RECORDED INFORMATION>
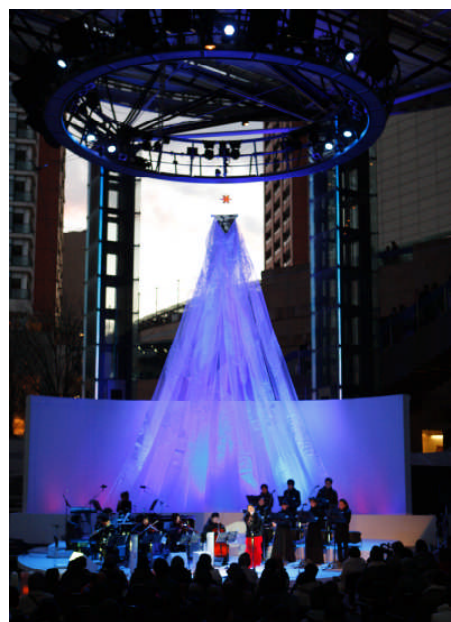
昨年のコンサートの様子
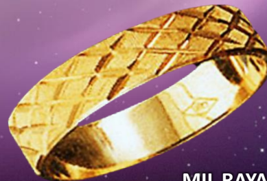
MIL RAYAS CUADRICULADO
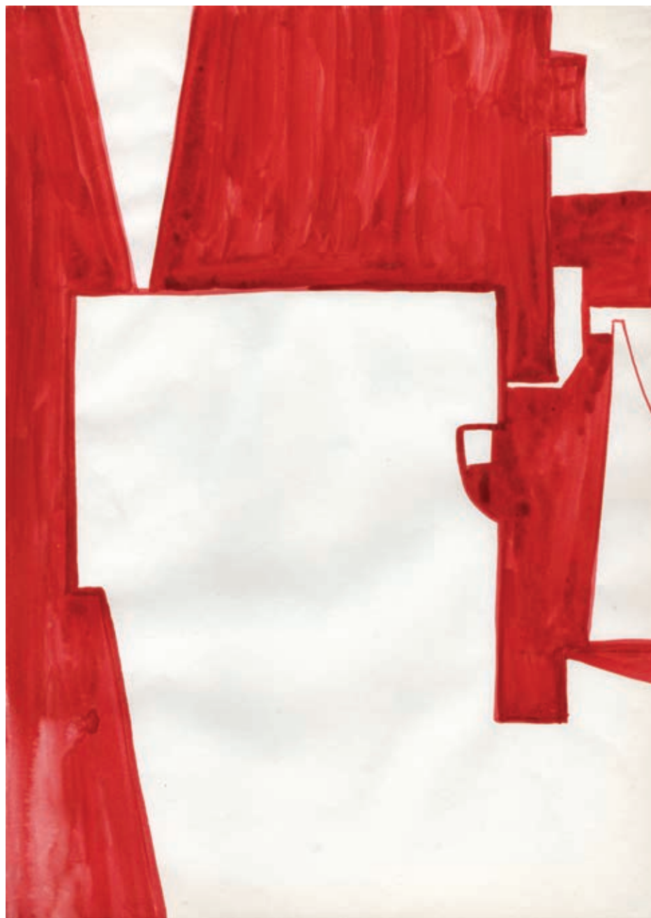
Bez tytułu, akwarela na papierze, 29,7 x 21 cm, 2013
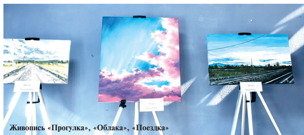
Живопись «Прогулка», «Облака», «Поездка»

Я занималась и эпоксидной смолой, потом начала рисовать масляными красками. Первый раз они мне показались безумно сложными, но постепенно стала проникаться к этой технике — масляной живописи
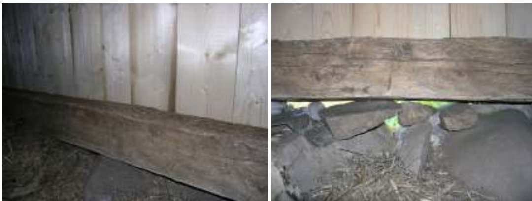
Ursprungligt remstycke kunde bevaras och ny panel anslutas till det.
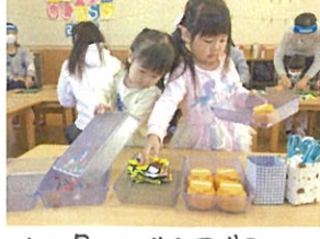
よく見ながら同じ作業 お片づけも完璧です!!
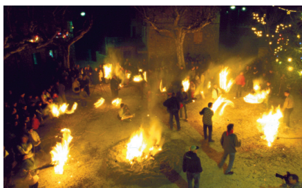
Crema general a Sant Julià de Cerdanyola.

WHAT THIS TASK INVOLVES>
Reproduce exactly the lines from the one with "よく見ながら同じ作業 お片づけも完璧です!!" to the bottom of the listing, both ends included, and nothing else. Skip the pictures.

OUTPUT FOR THIS EXERCISE>
よく見ながら同じ作業 お片づけも完璧です!!
Crema general a Sant Julià de Cerdanyola.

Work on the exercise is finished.